Researchers want to study about the amount of sufficient sleeping hours required by female and male students.

What are the differences in CGPA scores of both male and female students according to the amount of sleeping hours they have ?

The researchers are keen to study the differences in CGPA score obtained by both genders of students according to the amount of sleeping hours they have.

Literature Review

Sleep is very important to a human being’s health. The consequences of sleep manifest in both health and performance. The relationships between sleep and performance have been studied in many different fields including human science, medicine, psychology, education, and business and etc. Sleep-related variables for instance sleep deficiency, sleep quality, sleep habits have been shown to influence the performance of students (Lack, 1986; Mulgrew et al., 2007; National Sleep Foundation, 2008; Pilcher & Huffcutt, 1996; Rosekind et al., 2010). According to Weitzman et al. (1981) , Delayed Sleep Phase Syndrome (DSPS) was defined into three big categories which are long sleep latency on weekdays (normally fall asleep between 2 a.m. to 6 a.m.), normal sleep length on weekends (usually sleep late and wake up late on weekends); and difficulty in staying asleep. These sleep problem is common and is present in students around the world.

Results indicates that in the U.S., 11.5% of undergraduate students were found to have DSPS (Brown, Soper, & Buboltz, 2001). Not only that , Australian studies found the prevalence of DSPS in students (17%) to be higher than in adults (6-7%) (Lack, 1986; Lack, Miller, & Turner, 1988). Studies related to DSPS have also been conducted in other countries such as Japan, Norway, and Taiwan (Hazama, Inoue, Kojima, Ueta, & Nakagome, 2008; Schrader, Bovim, & Sand, 1993; Yang, Wu, Hsieh, Liu, & Lu, 2003). Furthermore, In Lack’s (1986) study, the DSPS group experienced sleepiness on weekdays more often rather than the non-DSPS group. In addition, , it was found that members of the DSPS group performed at a lower level academically when compared with the non-DSPS group when course grades were examined . In a more recent study, Trockel et al. (2000) found that first-year college students with lower GPAs reported later bedtimes on weekdays and weekends and later wake-up times on weekdays and weekends.

On the other hand, the relationship between sleep and academic performance was reviewed in other studies . Approximately 103 studies related to sleep loss, learning capacity, and academic performance; samples were carried out among students in different university by Curcio, Ferrara, and Gennaro (2006).

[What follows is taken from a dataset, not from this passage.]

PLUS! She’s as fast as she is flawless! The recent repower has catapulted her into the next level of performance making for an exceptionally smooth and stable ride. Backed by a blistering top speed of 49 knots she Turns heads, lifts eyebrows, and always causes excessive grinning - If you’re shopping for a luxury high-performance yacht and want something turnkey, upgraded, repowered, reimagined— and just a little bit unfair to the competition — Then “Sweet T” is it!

According to Curcio, Ferrara, and Gennaro (2006), sleep loss was negatively correlated with academic performance. Results indicates that sleep-deprived students performed poorly on learning capacity skills for instance attention, memory, and problem-solving tasks, and that the lack of sleep therefore indirectly affected their academic performance. Sleep deprivation is a term meaning loss of sleep Drummond and McKenna (2009) . Moreover, sleep loss resulted in daytime sleepiness that was also correlated with poor academic performance studies showed a significant relationship between lower GPA and lack of sleep among college students. The Multiple Sleep Latency Test was an instrument used to evaluate daytime sleepiness, which has been used by previous researchers (Carskadon, Harvey, & Dement, 1981; Fallone, Acebo, Arnedt, Seifer, & Carskadon, 2001; Randazzo, Muehlbach, Schweitzer, & Walsh, 1998).

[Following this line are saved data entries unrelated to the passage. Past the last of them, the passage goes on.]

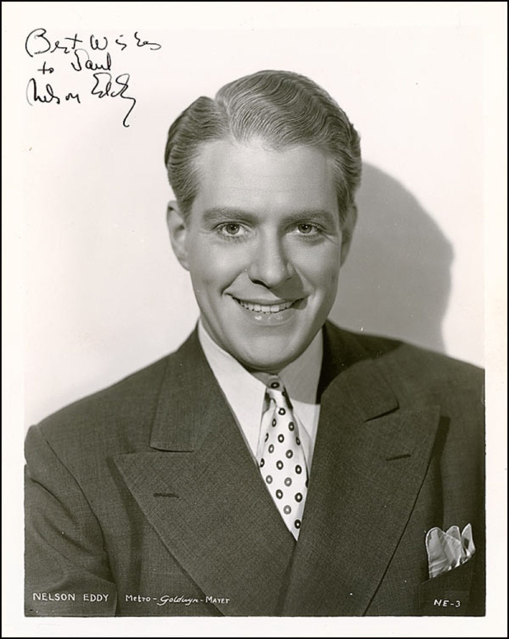 Actor and singer (1901–1967) who appeared in 19 musicals during the 1930s and 40s. He was one of the first ‘crossover’ stars appealing to both young and old, and in his heyday was the highest paid singer in the world. Handsome vintage pearl-finish 8 x 10 double weight photo of Eddy smartly dressed in a three-piece suit, signed and inscribed in-person in fountain pen “Best wishes to Saul, Nelson Eddy.” Reverse of photo bears collector’s stamp date of March 17, 1935, the date the signature was acquired. In fine condition, with a couple light edge creases. Pre-certified PSA/DNA and RRAuction COA.
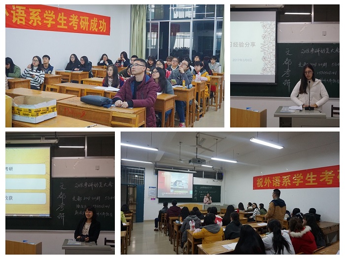首先,张超锋提出同学应该对未来进行进一步规划,希望同学们能够深化人生知识厚度,开阔人生视野。指出考研对于同学们也是一次人生的选择,人生的飞跃。李一枝为现场的同学们介绍她自己的考研经验,她点出为什么要考研,考研的方向,怎么去准备考研,以及一些考研收获以及就业情况。她所介绍的SWOT分析法:优势,劣势,机会,威胁,这对于同学们在考向研这条道路上指引了前进的方向。接着,蒋瑛在英语文学方面的考研进行了她的经验介绍,讲述了她的考研之路,她说考研需要勇气,在考研的道路上是会有很多困难,建议同学们能找一个考研战友,用信心、恒心、决心和平常心来积极面对考研,并祝愿同学们2018考研成功。随后,黄艳丽就英语课程与教学论的考研方向进行了介绍,指出同学们在复习专业课时,应该建立自己的复习体系,有步骤地去巩固自己的知识体系。然后两位今年通过初试的优秀学生向同学们分享了她们的跨专业的考研之路,从她们的考研之路看出,虽然考研的过程是艰苦的,但是当你得到你满意的分数时,一切都是值得的。
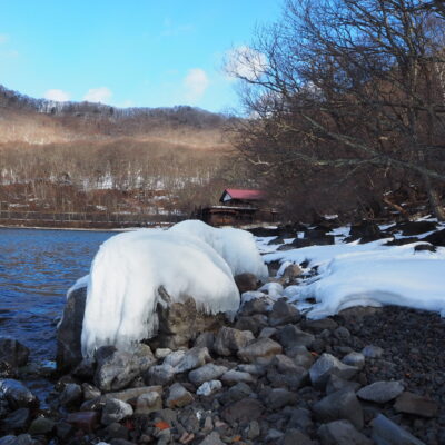 中禅寺湖の畔を通る道路のすぐ下にある中禅寺湖周遊歩道、この歩道沿いの浜はしぶき氷を見るのに適したポイントです。この歩道を、中禅寺湖畔ボートハウスから中禅寺温泉街方面に歩くと・・・ あちこちで…
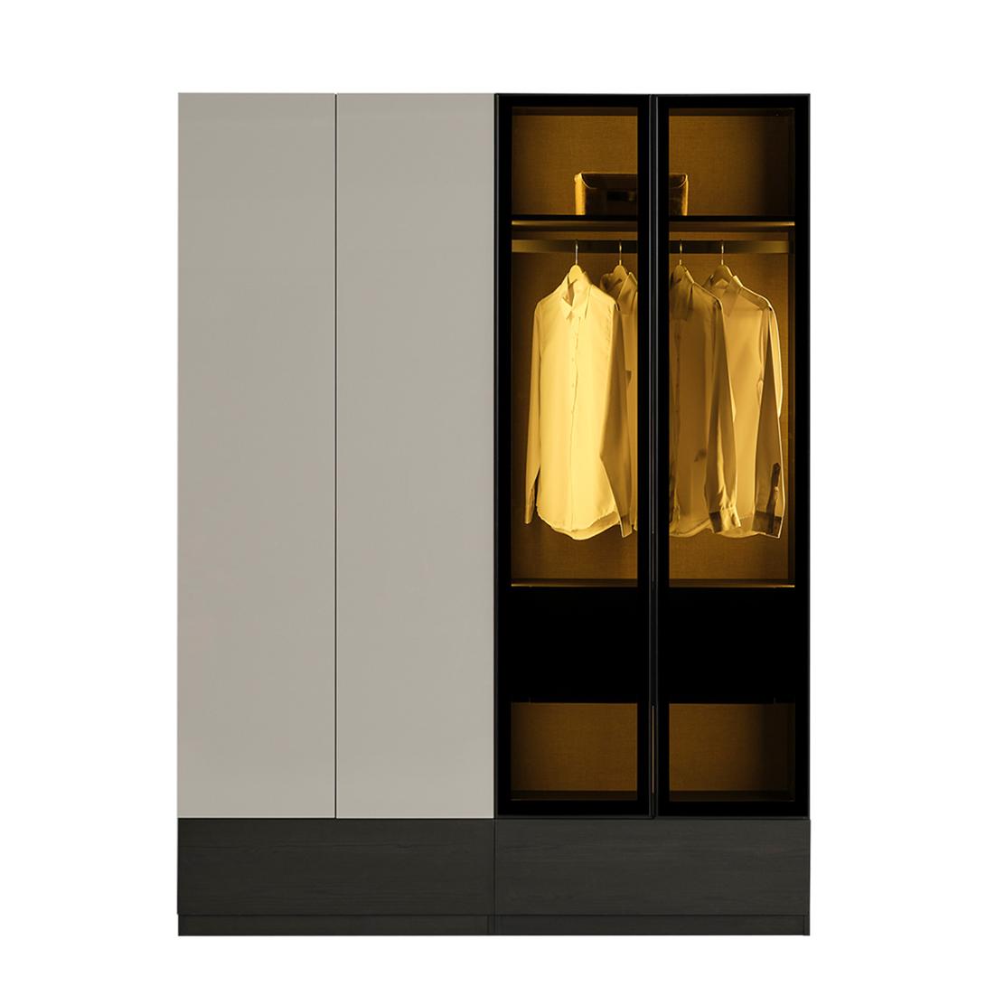 Вграденото LED осветление подчертава вътрешното пространство и осигурява отлична видимост, дори при слаба светлина. Лостът за закачалки осигурява удобство при организацията на дрехи, ризи и сака, като същевременно запазва изчистената визия на гардероба.
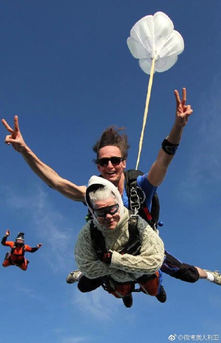 102岁奶奶玩跳伞过程图片
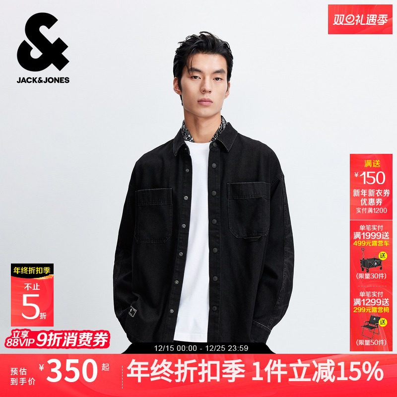 杰克琼斯男装士2025年秋季新款牛仔衬衫翻领黑色衬衣质感宽松上衣
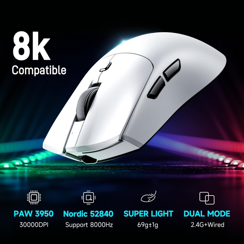 RAWM Wireless 8K Lightweight Gaming Mouse, PAW3950 Optical Sensor, 30000 DPI, 600mAh Rechargable Battery, 7 Programmable Buttons, Hot Swapple Design
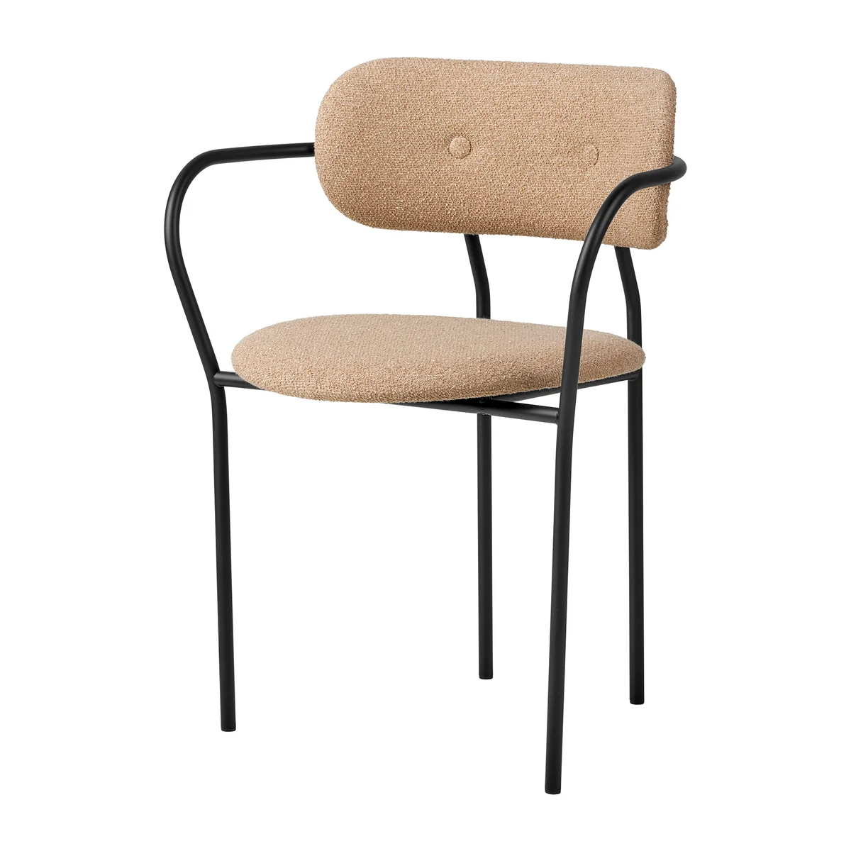 The Coco Dining Armchair from Gubi embodies timeless elegance and modern comfort. With its organically shaped seat shell and sleek, elegantly curved legs, this chair exudes a harmonious balance between form and function. The armrests provide added comfort and support, while the choice of different materials and colors allows the chair to match any interior style. Whether in a stylish dining room, a cozy café or an elegant office, the Coco Dining armchair adds an inviting and aesthetically pleasing atmosphere to any room. Gubi has once again proven with this chair that design and comfort can harmonize perfectly.
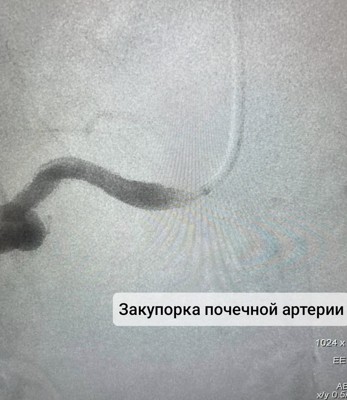 После проведения обследования возникли подозрения на сосудистые проблемы в области почек. В ходе ангиографии было подтверждено наличие значительной закупорки правой почечной артерии — до 95%. В место поражения сосуда был установлен стент.
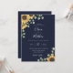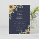 Sunflower Eucalyptus Botanical Navy Blue Wedding Invitation
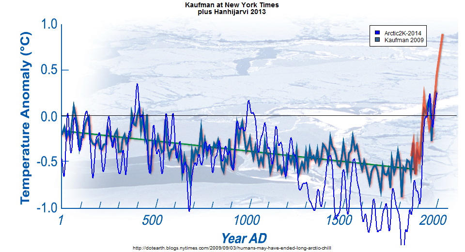 Figure 2. Comparison of revised PAGES Arctic 2K (blue) and Kaufman 2009 (black), overplotting onto New York Times figure.

On the other hand, another study was conducted to determine the various sleep patterns in medical students appearing in various ongoing professional at Shifa College of College of Medicine, Islamabed and to find out relationship between number of hours of sleep before an examination with academic performance in relevant exam. Majority of the students had reduced sleep in exam days and its reason was found to be studying late at night before paper and academic performance. There have been various reasons for decreased sleep in university and college students including watching TV and using the internet. A study done in a Pakistani medical university indicated that 58.9 per cent of the university and college students the most common cause of sleep deprivation was watching television and listening to music affects the students slept less than 8 hours a day . In addition, stress, in university and college students, is also a very essential contributing factor in inability to sleep at night. Consumption of caffeine , pain killers, substance abuse and smoking at night to keep them awake is also another trend seen among students. This greatly contributes to sleeplessness at night among students and affects their academic performances adversely. (Oshodi OY, Aina OF, Onajole AT, Omvik S, Pallesen S, Bjorvatn B, Thayer J, Nordhus H. Qureshi AU, Ali AS, Hafeez A, Ahmed TM ). Moreover, the study showed that students who achieved good grade (A, B) were those who slept for more than 7 hours but those who majority failed in exam, were also mostly those who slept less.

However, a similar study done in USA showed that students who had struggling grades (C’s D’s / F’s) were those who slept significantly less than those who scored A and B grades ( Wolfson AR, Carskadon MA). According to the study, student slept an average of only 4.74 hours before the exam and females slept less (4.71+1.82 hours) as compared to males (4.77+3.27 hours ). This was similar to a cross sectional study done in Sao Paulo, which showed that boys slept about 390 minutes. However, their academic performance was not affected by the disturbance in the sleep cycle.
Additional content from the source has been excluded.